How to Get to the Millionaire’s Walk

With the Great Ocean Road and Bellarine peninsula to the southwest, and the Mornington Peninsula to the southeast, day-trippers from Melbourne, Victoria are spoilt for choice.

point king beginning of millionaire's walk
Point King beginning of Millionaire’s Walk

Charming villages with boutiques, galleries, seaside pubs, and restaurants vie for your attention from the wineries, bay and back beaches, and walking trails.

Millionaire’s walk diverts from Point King Road (off Point Nepean Road), via a clifftop path, to Lentell Avenue.

Point King Road and Lentell Avenue are two of the streets in the small village of Portsea, immediately south of Sorrento on the Mornington Peninsula.

Point Nepean and the wonderful Point Nepean National Park are immediately south of Portsea and your last stop on the mainland!

The walk can be done in either direction and most people turn around at the end of the walk because they have left their car at the other end!

I found parking easier at Point King Rd on a weekday than Lentell Avenue (but there is limited parking at both) and so I began the walk at what most people call the ‘end’ of the walk.

If you do begin at Point King Road, keep an eye out for the white trig station and the small stone monument immediately in front of it.

The monument is for Acting Lieutenant John Murray. Murray was the commander of the HMS Lady Nelson. In 1802 he took possession of Port King, declaring it to be a part of Great Britain and Ireland.

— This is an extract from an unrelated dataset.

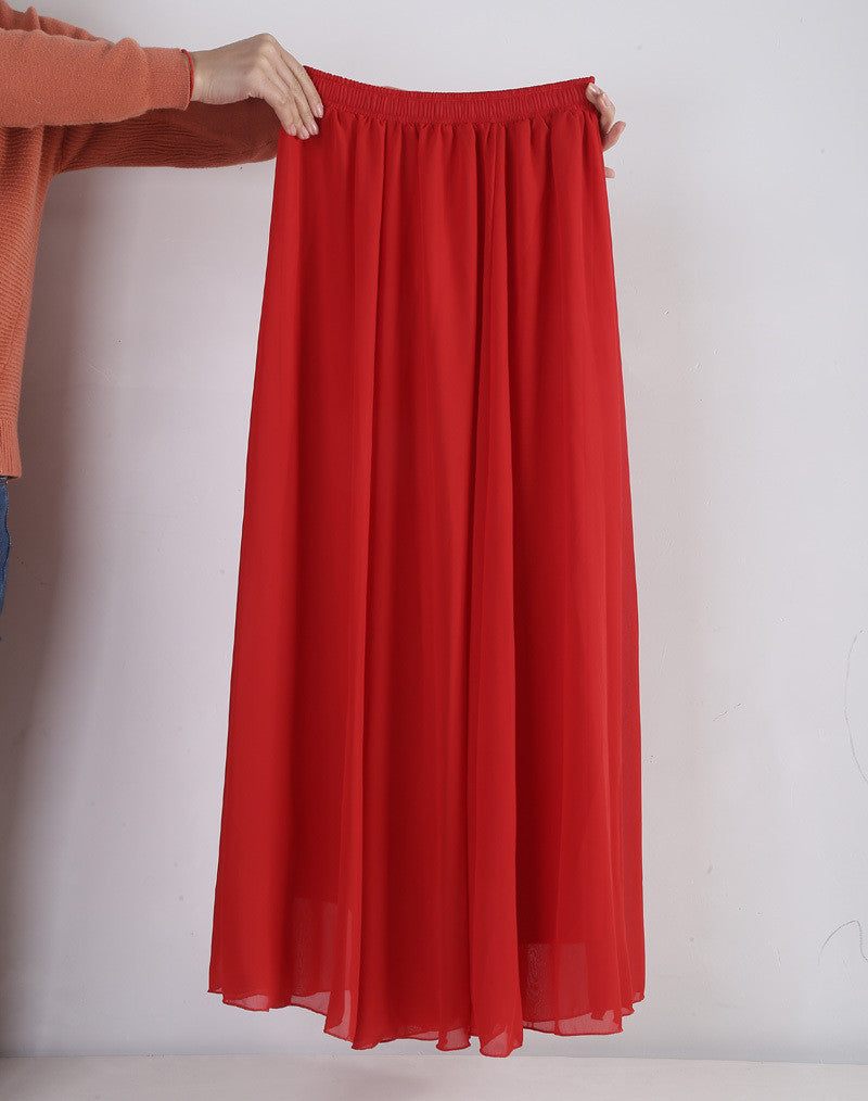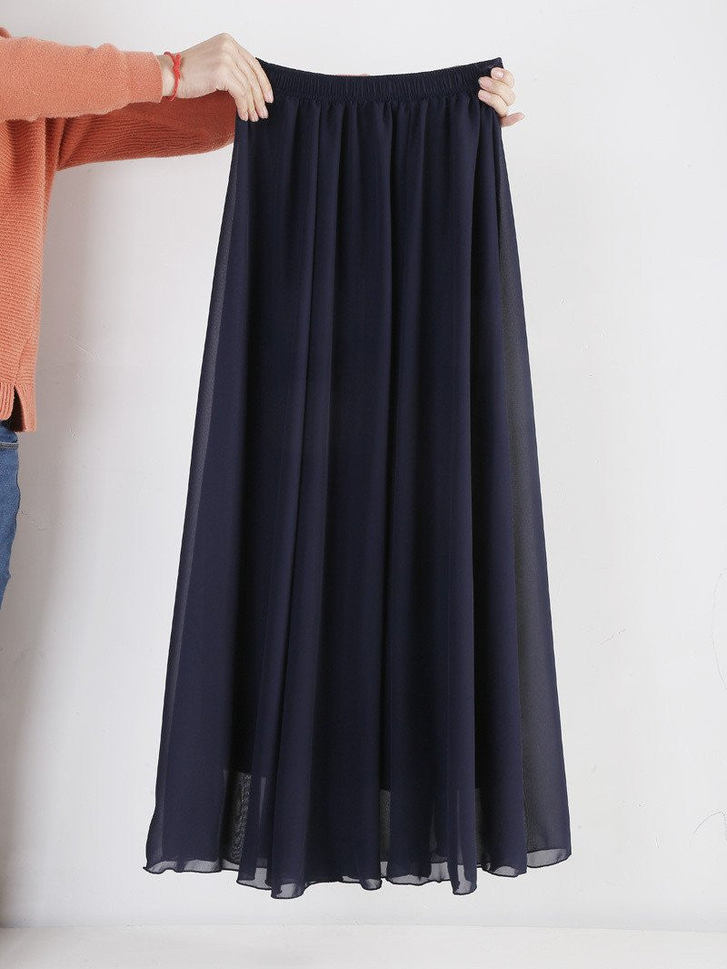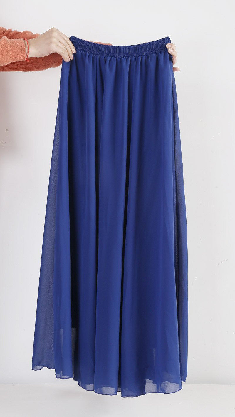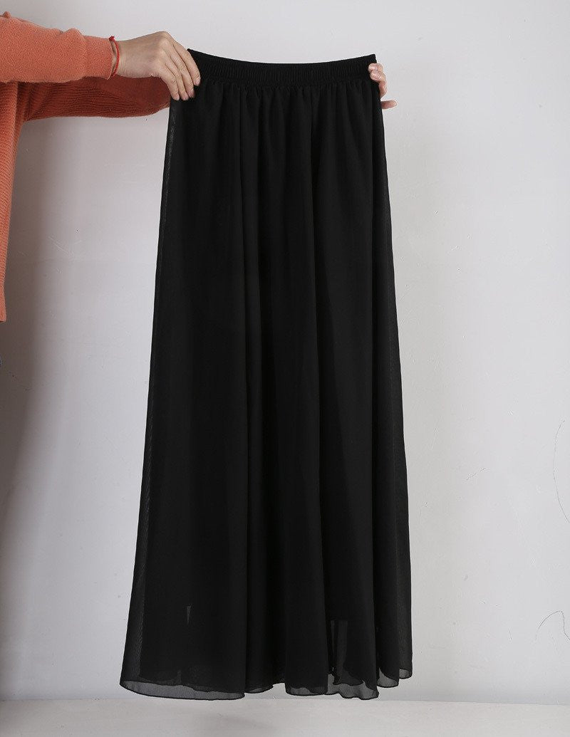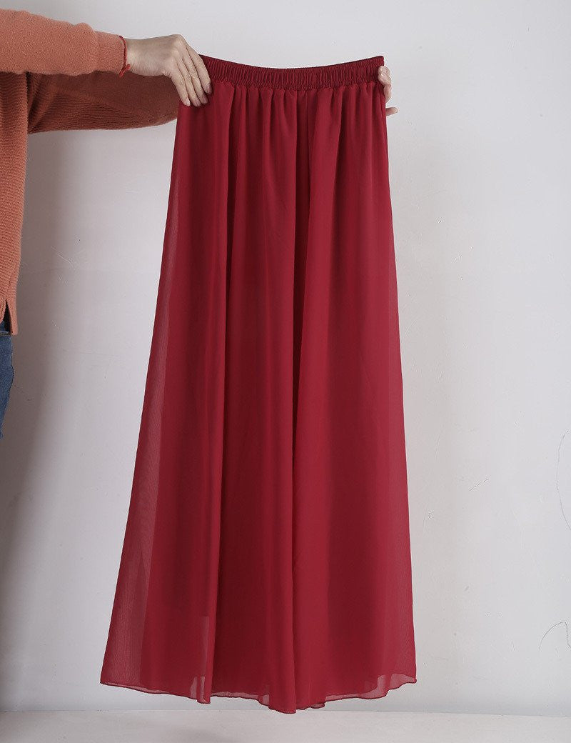 These Women Chiffon Long Skirts Candy Color Pleated Maxi Skirts Spring Summer Skirts are not just a fashion statement; they are a combination of comfort and style. The natural waistline and flowing fabric cater to all body types, ensuring a flattering fit. Whether paired with a simple top or dressed up with accessories, these skirts will enhance your style effortlessly.

Port King was later renamed, Port Phillip.

This spot is of historic significance because it is the first place in Australia where the Union Jack flag was used to claim possession and assert sovereignty.

Location: 3498A Point Nepean Rd, Sorrento VIC

The Millionaire’s Walking Trail

From Point King Road you head to Point King Foreshore Reserve.

millionaires walk point king beach
Millionaire’s Walk Point King Beach

Here you can take the steps down to this lovely beach with its boardwalk and bathing boxes.

Then you can continue the easy stroll along the path and through the gates along the cliff’s edge, heading away from Portsea and north towards Sorrento.

On the seaward side, looking out from the low shrubby cliff, you will spy rows of boathouses and extravagant private jetties like the one below with its own sea pool.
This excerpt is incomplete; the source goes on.